I have a requirment to filter the pyspark dataframe where user will pass directly the filter column part as a string parameter. For example:
Sample Input data: df_input
|dim1|dim2| byvar|value1|value2|
| 101| 201|MTD0001| 1| 10|
| 201| 202|MTD0002| 2| 12|
| 301| 302|MTD0003| 3| 13|
| 401| 402|MTD0004| 5| 19|
Ex 1: filter_str = "dim2 = '201'"
I will filter the data as: df_input = df_input.filter(filter_str)
Output: (**I'm able to get the output**)
|dim1|dim2| byvar|value1|value2|
| 101| 201|MTD0001| 1| 10|
But, for multiple filter condition I'm getting error and not able to filter. Scenario where I'm not able to filter the input dataframe:
valid Scr 1:
filter_str = "dim1 = '101' and dim2 in '['302', '402']'"

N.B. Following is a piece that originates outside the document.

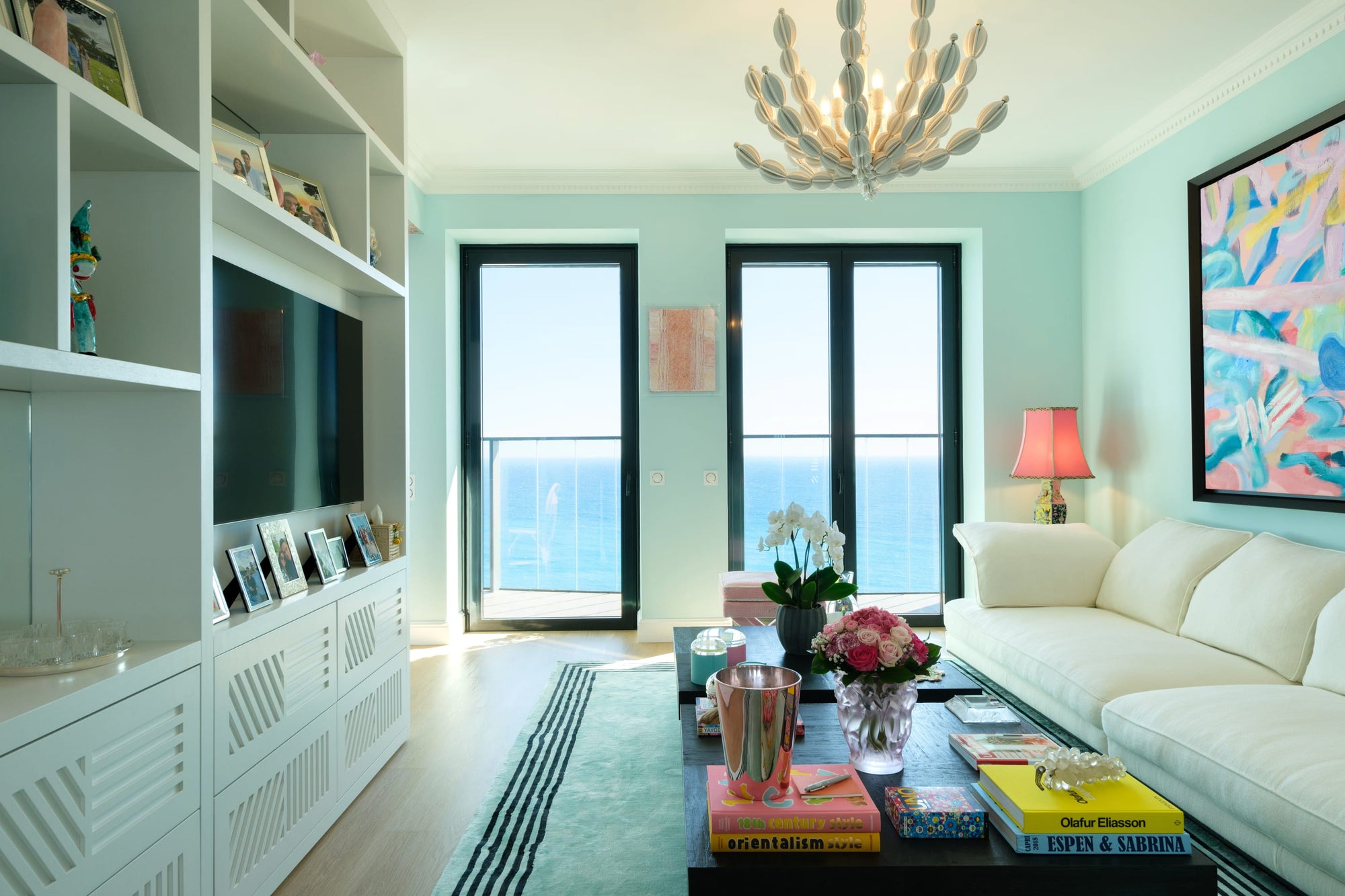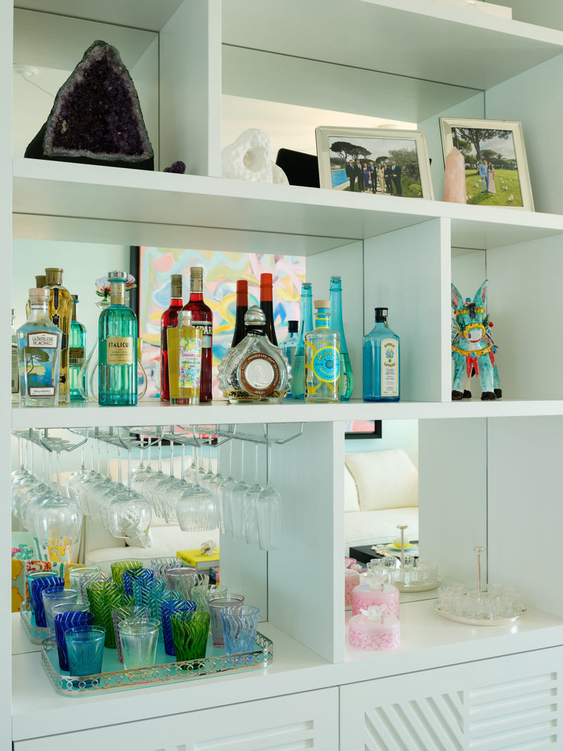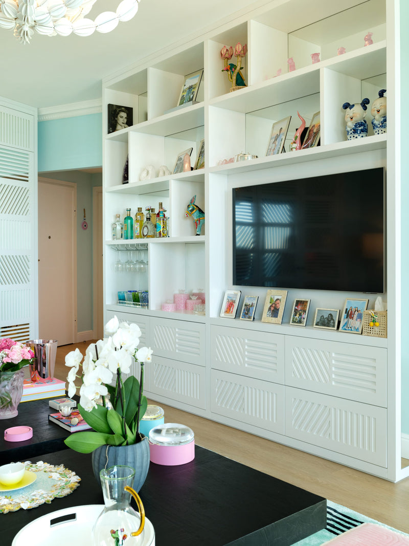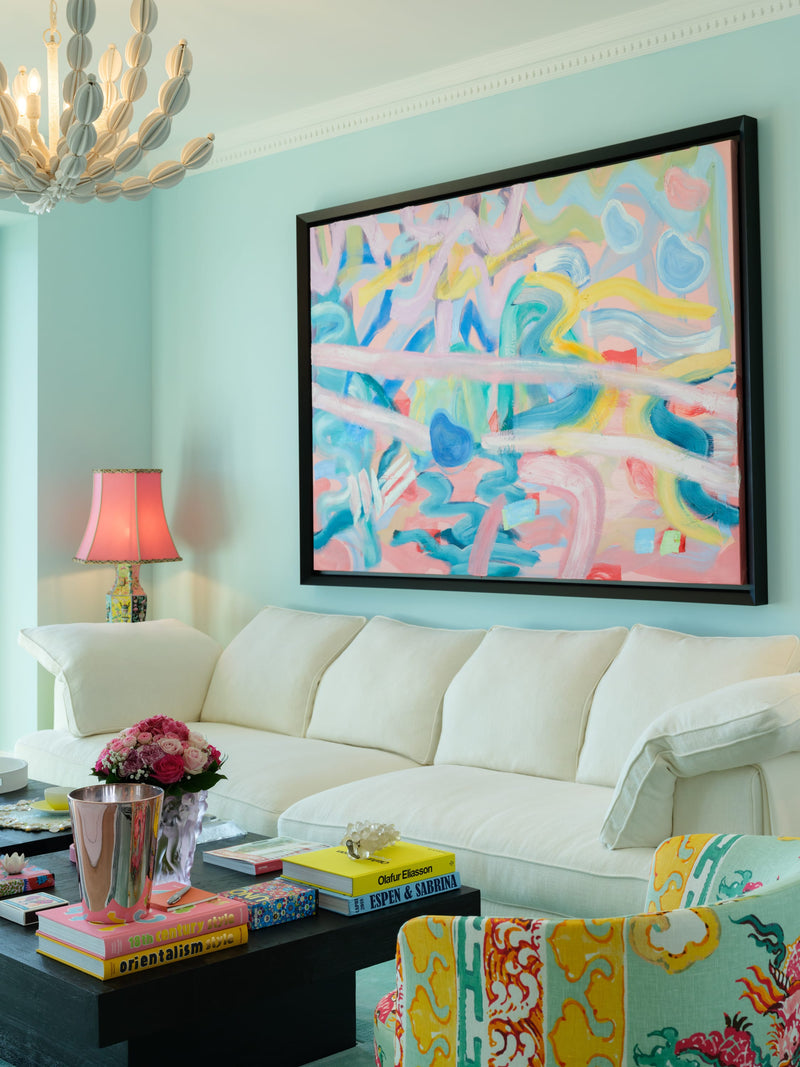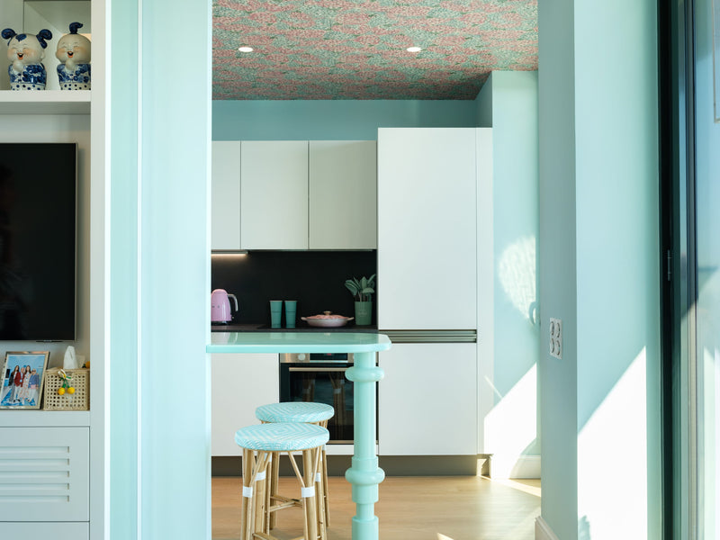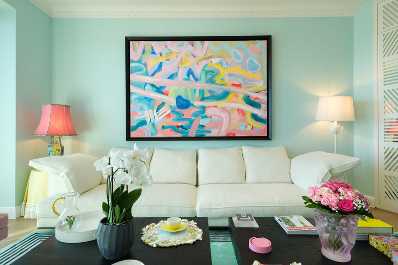 The design process brought together a harmonious mix of Caribbean whimsy and Beverly Hills glamour, all tied together with a contemporary edge. Despite its limited space, the apartment maximizes storage while maintaining a layout perfect for hosting. At the heart of the living area is an oversized sofa paired with dark wood coffee tables—an ideal setup for casual "aperi-cena" gatherings or cozy movie nights. The living room is a colorful, inviting space that balances bold hues with a contemporary framework. The combination of curated art, a thoughtfully chosen color palette, and versatile furniture makes it both functional and fun.

df_inp = df_inp.filter(filter_str)
Getting Error
valid Scr 2:
value_list = ['302', '402']
filter_str = "dim1 = '101' or dim2 in '(value_list)'"
df_inp = df_inp.filter(filter_str)
Getting Error
Could you please help in acheiving the scr 1 and 2 and how to modify the filter section if i get the filter_str string as mentioned I example.